BEGIN STORED DATA

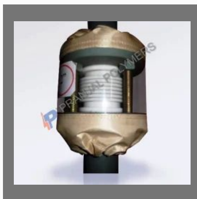
PTFE Below Guards
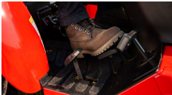
4. Responsive forward & reverse HST
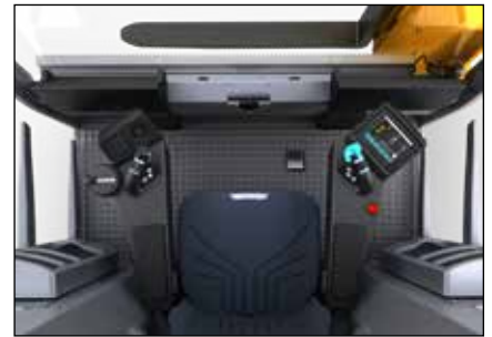
Split operation control (optional on all EKX 4 and 5 series configuration, but not compatible with freezer package on any model)

END STORED DATA

YOUR ASSIGNMENT =
Take every line of the material and copy it exactly, leaving out the pictures.

RESULT OF THIS TASK =
PTFE Below Guards
4. Responsive forward & reverse HST
Split operation control (optional on all EKX 4 and 5 series configuration, but not compatible with freezer package on any model)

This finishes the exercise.